Pro tip: More often than not network analysis is a team effort. Use a flip chart or white board to visualize these results, so that everybody else is aware of the details. The notes will help you to jog your memory when you return to the analysis on the next day.
Client View – Session End
Let’s go back to the client trace and take a look at the TCP session. This might be a good idea to learn about Wireshark’s stream index. When Wireshark reads a trace file it builds a number of tables to track the individual hosts and connections. For an analysis like this we can leverage the stream index which is unique for each TCP connection. The stream index is revealed in square brackets in the TCP layer. The square brackets indicate that this information was not transmitted over the wire, but calculated by Wireshark.
A right-click on the line with the stream index reveals the functions “Apply as filter” or “Prepare as filter”. Let’s go ahead and apply this stream index as a filter. Instead of a complex filter consisting of IP addresses and port numbers we have the simple statement “tcp.stream == 0” Cool, eh?
Since we have applied the filter Wireshark will hide all but the 9 frames belonging to TCP stream 0. Note that the server 10.2.2.2 is terminating the connection by setting the FIN flag in the TCP packet. This happens right after the Client has send its TLS hello. We cannot tell, why the connection was closed, but we know for sure it’s terminated by the server.
Server View – Session end
Now let’s repeat these steps for the server. Again, the questionable session can be found in stream index 0. Unfortunately, when working a case with multiple TCP sessions packets won’t line up as easy as the seen here. In packet 27 we see the familiar TLS hello from the client. The server responds with the Server hello, as it should be. Clearly, this packet never made it to the client. Instead the client responds with a FIN.
Now, wait. According to the client trace the server terminated the session. And according the server trace the client terminated the session. How can this be?
Remember the firewall? By analyzing sequence numbers and IP IDs we found out that the TCP session is terminated by the firewall. Effectively the firewall acts as a man-in-the-middle. Clearly it didn’t like the server’s response and terminated the connection.

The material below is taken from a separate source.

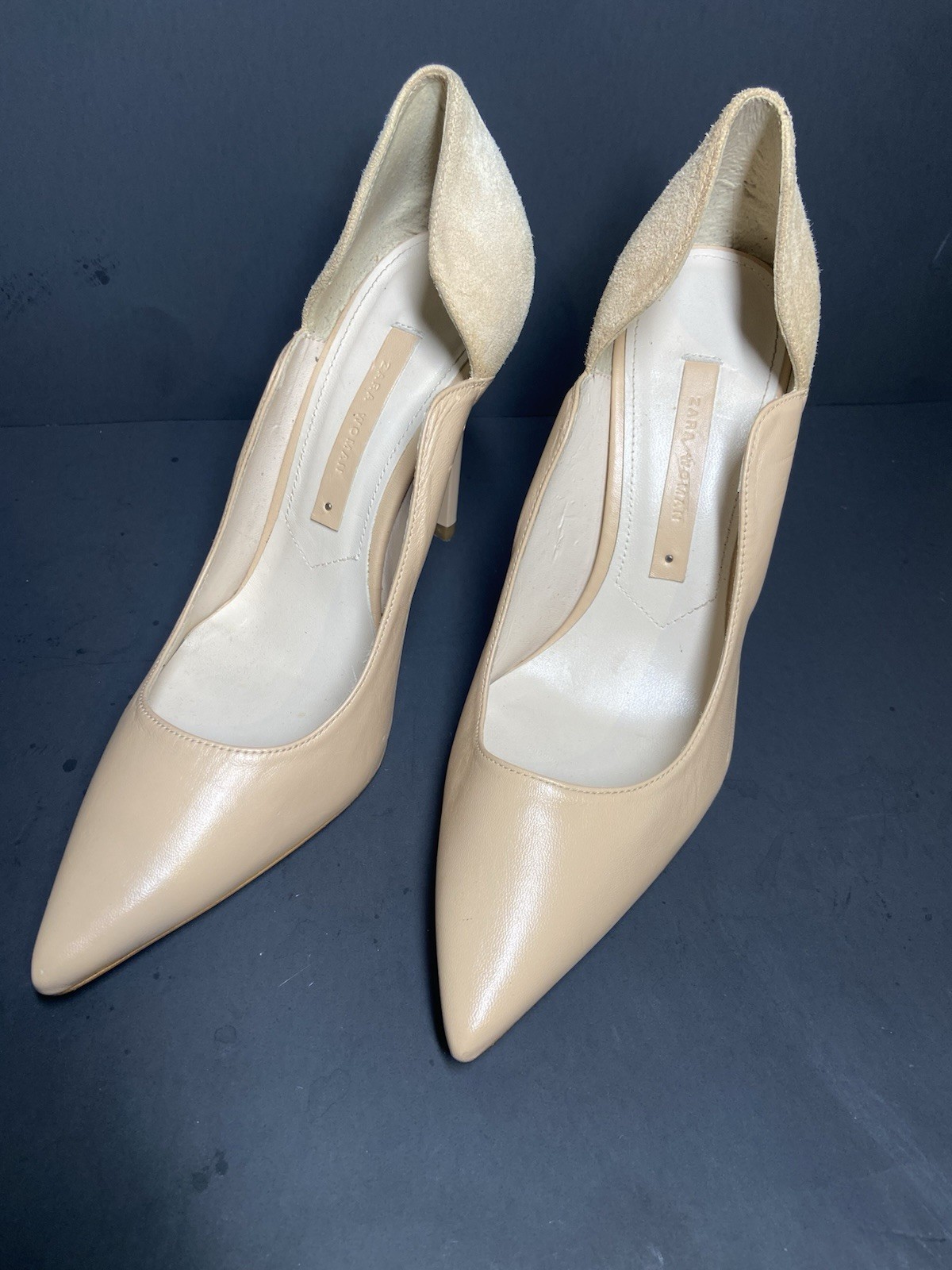 The Zara Woman Collection Nude Heels in size 6 US / 36 EU are stylish and elegant shoes perfect for various occasions. Featuring a pointed toe and ultra-high stiletto heel, these slip-on heels in a solid beige color are versatile and chic. Made from leather and suede, these pumps are designed for women who want to make a statement with their footwear, whether it's for a wedding, going out, or adding a touch of glamour to their outfit. The Zara brand ensures quality and sophistication in these art-inspired heels that are sure to turn heads.

In the screenshot I have set another timestamp at packet 28, the “Server Hello”. Note that packet 29 with the FIN flag arrives with 0.2 msec or 272 microseconds. From the client trace we know that the round trip time is 3.6 milliseconds. There is no way, that this FIN flag comes from the client. Both the short response time and the IP TTL of 255 are strong indicators that connection was terminated by the firewall.
We don’t know yet why the firewall does not like the server hello. This is certainly a topic to discuss with the firewall administrators.
Wait, there is more
Further examination of both trace files shows that TLS sessions can be established successfully between the two nodes. Look at TCP stream 1 in the server trace. Hint: Remember the display filter? Try the display filter tcp.stream == 1 to isolate a successful session. The big difference between TCP streams 0 and 1 is the direction: TCP stream 0 is incoming (from the point of view of the firewall) while TCP stream 1 is outgoing.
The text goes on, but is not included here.